Parsing Text with Extension Methods

By Jonathan Wood on 3/7/2011
Language: C#
Technology: .NET
Platform: Windows
License: CPOL
Views: 8,555
General Programming » Text Handling » Parsing » Parsing Text with Extension Methods

Introduction to Extension Methods

Extension methods are a feature new to C# 3.0. They allow you to define new methods for existing classes without inheriting from those classes.

Alternatively, you could inherit from an existing class and add new methods to your derived class. However, extension methods provide some unique flexibility. For example, if your derived class inherited from the string class, you may need to modify some of your existing code that uses the string class so that it uses your derived class instead. With extension methods, the method is added to the existing class and no changes are needed to existing code.
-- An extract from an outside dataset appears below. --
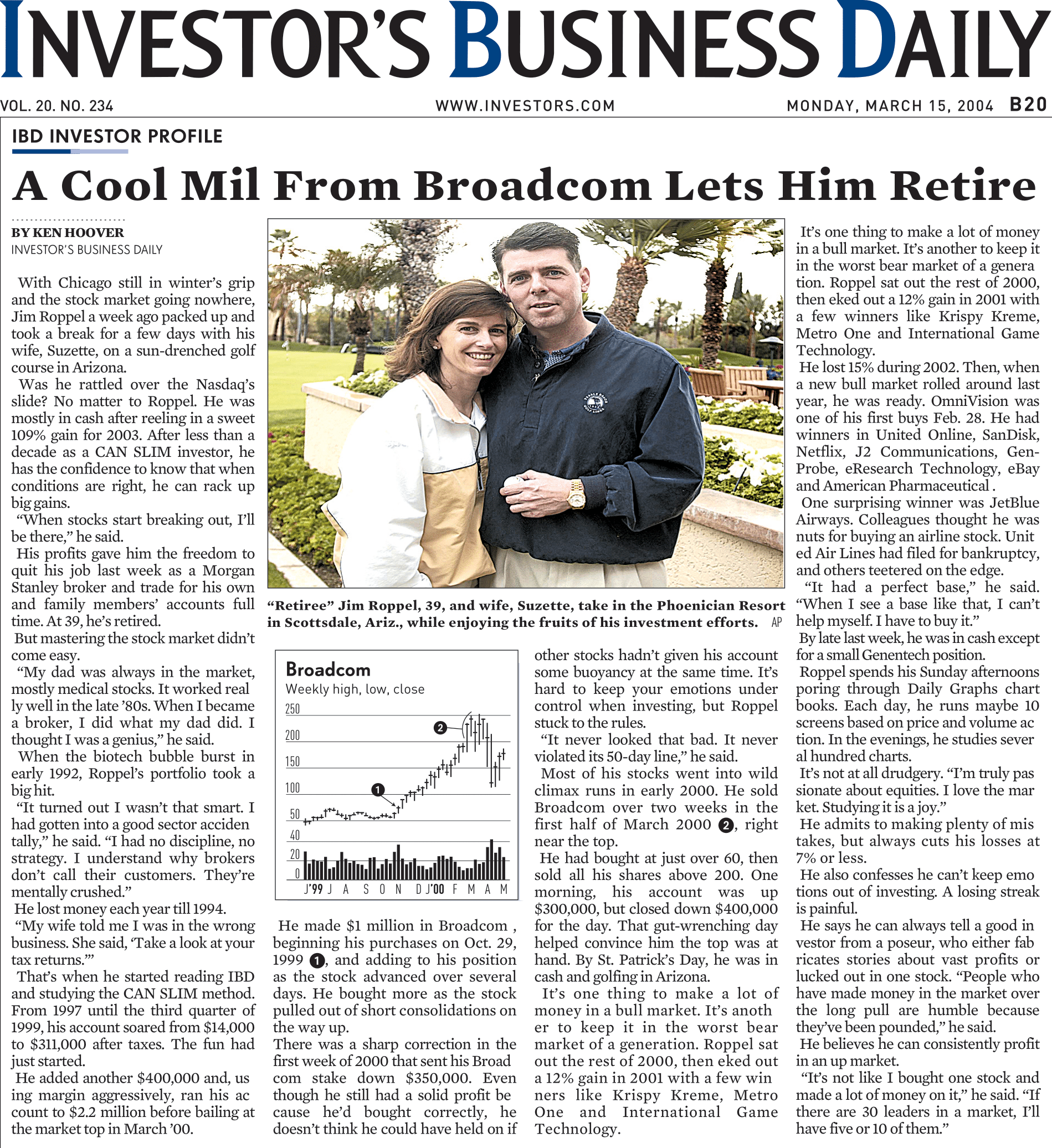 总体来说,Jim Roppel的风格是纪律性强、耐心、基本面+技术面结合的成长股波段/趋势交易,目标是抓住少数真正爆发的“超级赢家”来实现复合高回报,而不是追求高频或小波段利润。他自称“我不那么聪明,我只是趋势跟随者”(I’m just a trend follower),强调适应市场而非对抗。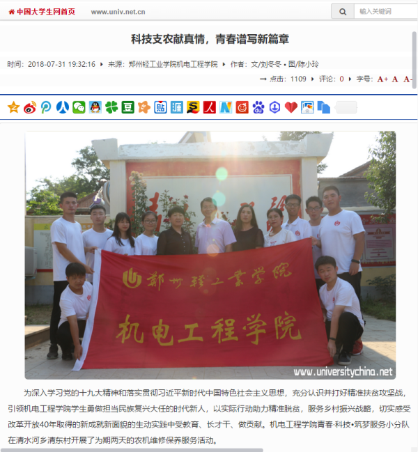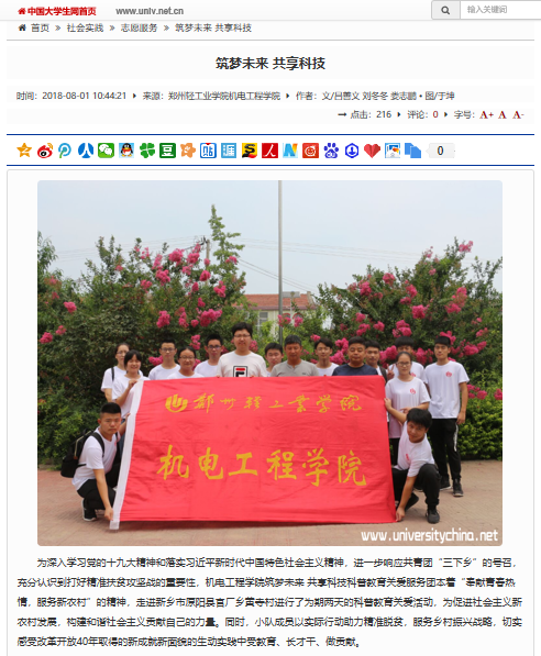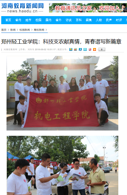 该服务队已被河南教育新闻网所报道:(郑州轻工业学院:科技支农献真情,青春谱写新篇章:

Note that LINQ uses extension methods to add query methods to the IEnumerable and IEnumerable<T> classes. There are clearly advantages to this approach.

So let's cut to the chase with a simple example. Listing 1 shows a sample extension method for the String class.

Listing 1: An Extension Method for the String Class

static class StringExtension
{
    public static bool IsNumeric(this string s)
    {
        foreach (char c in s)
        {
            if (!Char.IsDigit(c))
                return false;
        }
        return true;
    }
}

This code adds the IsNumeric() method to the string class. The first thing to note is that both the class and method are static. This is a requirement of extension methods. The next thing to note is the argument for IsNumeric() contains the this keyword. The use of this this way is what makes the method an extension method, and associates it with the string class.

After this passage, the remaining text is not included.